Herder had a passion for politics and his impact reached far beyond Arizona. While chairman of the Tucson Chamber in 1979-80, the organization spun off its tourism and convention activities to focus on public policy and government affairs. Public funding was no longer accepted.
“That’s where Pete gave his expertise. He was the guy who led the transition into a business advocacy group. The chamber became prominent at all levels of government – from city hall to the state legislature,” said Jack Camper, the chamber’s president and CEO from 1978 to 2011. “If government funded the chamber, how could we tell government what to do?”
Herder served NAHB for decades and became an influential player in Washington, D.C. He worked with several U.S. presidents on housing issues. Rev. Dick Halverson, chaplain of the U.S. Senate, took Herder around to meet all 100 senators. Herder helped establish construction management programs in 24 universities. He became close to the late Arizona Sen. John McCain.
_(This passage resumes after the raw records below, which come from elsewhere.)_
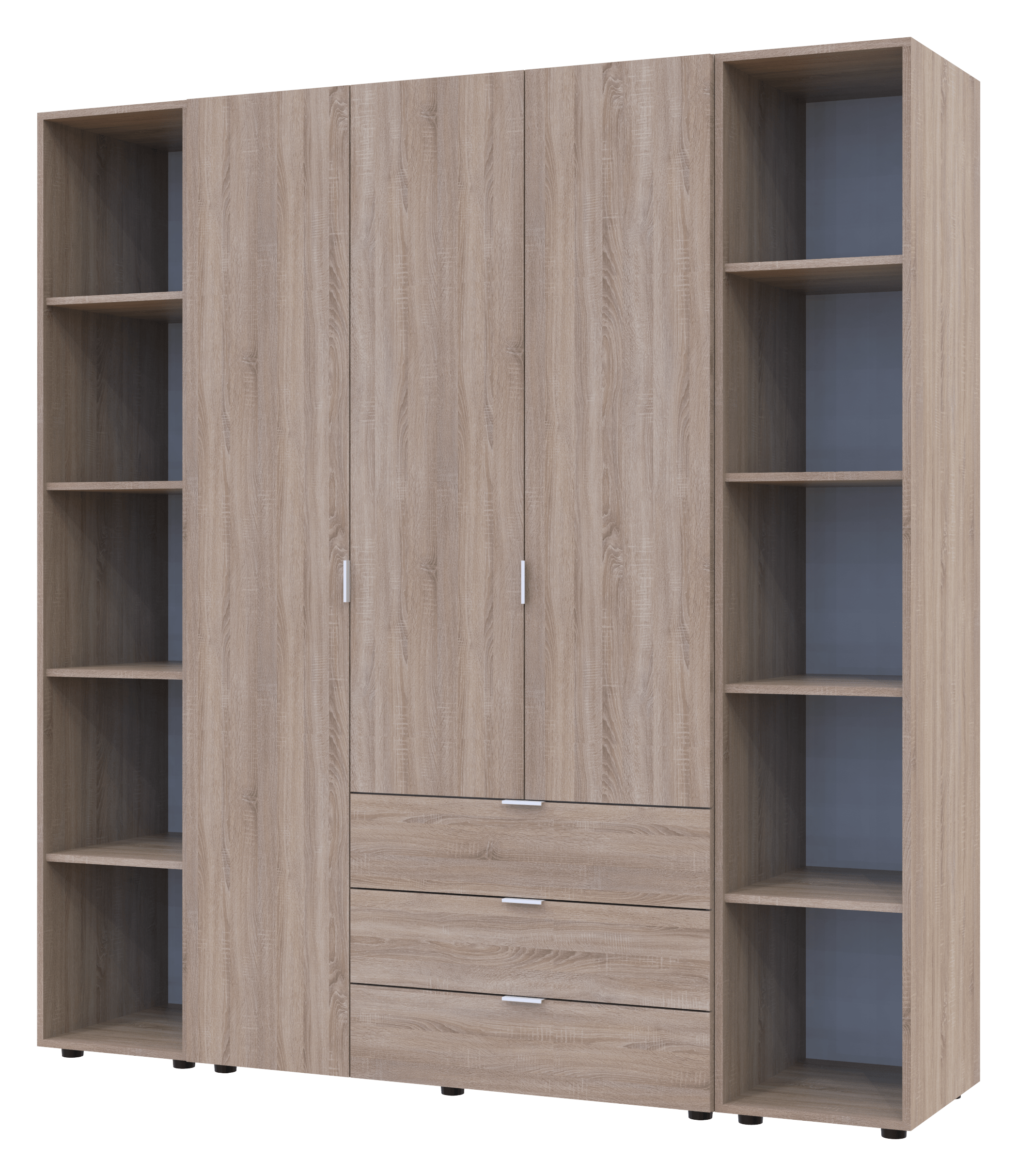 Шкаф Дорос Гелар дуб сонома с 2 Этажерками 3-х дверный 192,6 см
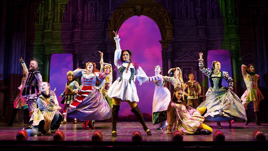 My choice was Head Over Heals, the new musical using the Go Gos song catalog, marrying it to the Elizabethan verse of Sir Philip Sidney’s epic poetic romance, Arcadia. This is not the combination that would first leap to mind and the end result is, as one might expect, uneven. I don’t think it helped that there was a wholesale replacement of the creative team during the development process with Jeff Whitty, the creator/author more or less being dumped from his brainchild.
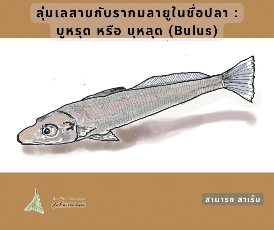 “บูหรุด” หรือ “บูหลุด” เป็นปลาอีกชนิดหนึ่งที่เรียกกันในลุ่มน้ำทะเลสาบสงขลา เป็นชื่อท้องถิ่นในหมู่บ้านของผู้เขียนที่บ้านควน ตำบลคูเต่า อำเภอหาดใหญ่ จังหวัดสงขลา หมู่บ้านชาวประมงที่หาอยู่หากินในทะเลสาบสงขลาตอนล่าง (เลใน) การเรียกดังกล่าวมีรากมาจากชื่อของปลาชนิดนี้ในภาษามลายูกลาง คือ “Ikan Bulus” อ่านว่า “อีกัน บูลุส” (อีกัน แปลว่า ปลา) ในขณะที่ภาษามลายูกลันตันเรียกว่า Ikae Buluh อ่านว่า “อีแก บูลุฮ์” ( อีแก แปลว่า ปลา ) [1]
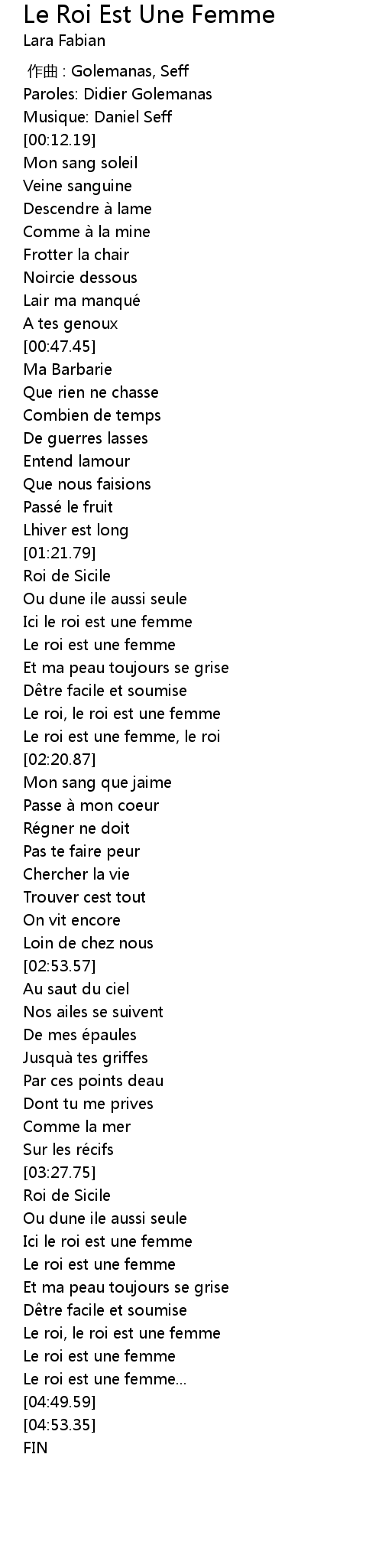 | [04:14.99] | Le roi est une femme |
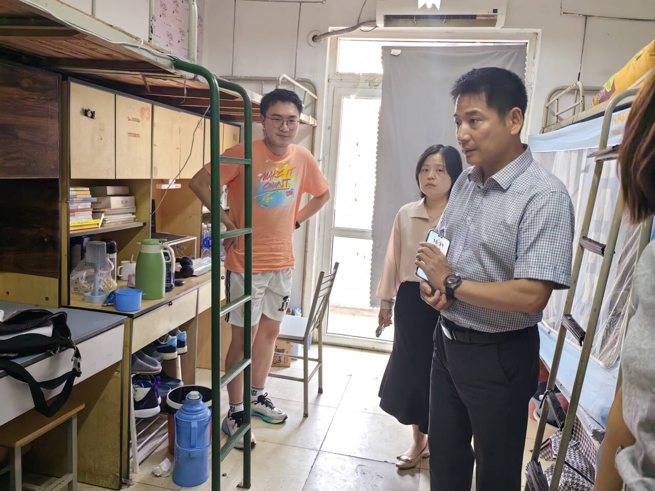 整體上,經(jīng)管男生宿舍衛(wèi)生情況有較大改善,部分宿舍存在雜物較多、衛(wèi)生間異味等問題,走訪老師現(xiàn)場發(fā)現(xiàn)問題、現(xiàn)場督促整改。
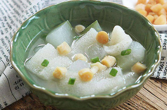 冬瓜洗净切片,虾皮用清水洗一下,沥干水分。热锅烧油,放入葱花,炒出香味,倒入虾皮翻炒,再下入冬瓜片翻炒,加入盐、胡椒粉等调味,出锅即可食用,味道鲜美,既能补钙还能起到减脂的作用。
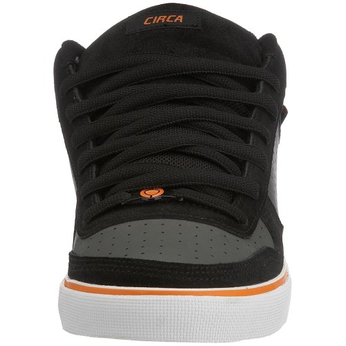 Board up the right path in these C1rca 8 Track skate shoes. Leather or leather and textile upper in a technical skate shoe style. Reinforced layering materials, lace-up front, elastic tongue straps for stability, genuine vulcanized construction and unique collar shape for added heel support. Breathable fabric lining and cushioned insole. Latex cushion at heel and arch for added support, sturdy midsole and custom C1RCA herringbone tread pattern for excellent board control and flexibility.
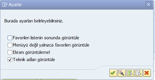 Sap Sisteminde her menünün bir işlem kodu yani teknik adı bulunmaktadır. SAP menüleri bu işlem kodları ile çağrılır. Bu teknik adların, menü isimlerinin yanında görüntülenebilmesi amacıyla yapılması gereken işlem aşağıda ki gibidir.

Reagan was his favorite president because of his character. Reagan looked him straight in the eye when they first met, Herder once recalled, and “never looked over my shoulder to see who else was in the room.”
Speaking of character, Herder was known for his humor. During his late-SAHBA years, I was a staffer who came to rely on his insight and advice. We often lunched with Canatsey and other directors. Herder watched his diet, yet always ordered three french fries on the side – and made us promise not to tell his wife. With a dozen builders, we attended a Bible-study lunch group. As its senior member, he was sensitive about his age. Accordingly, his young peers often asked what it was like to see Moses appear with the Ten Commandments. He never denied being there.
Three prominent construction trade associations awarded Herder status as a legend in the industry. In ceremonies in Arizona and Washington, D.C., the groups honored his building achievements and celebrated his lifelong gift of paying it forward. In addition, the Tucson City Council recognized his contributions to the community in 2005 with Peter D. Herder Day.
In a sometimes hard and cold world, Herder’s servant’s heart kept him connected with people in need. For decades, he called more than 100 people each year – not just for birthdays – but to check in on friends who were struggling in business, with health issues or from the loss a spouse. He thought they could use a lift from an old acquaintance and he walked with them through their misery.
“One of the things I admired most about Pete was his willingness to help others,” Canatsey said. “If he had something to share or a way to help someone, he did not wait to be asked. He offered.”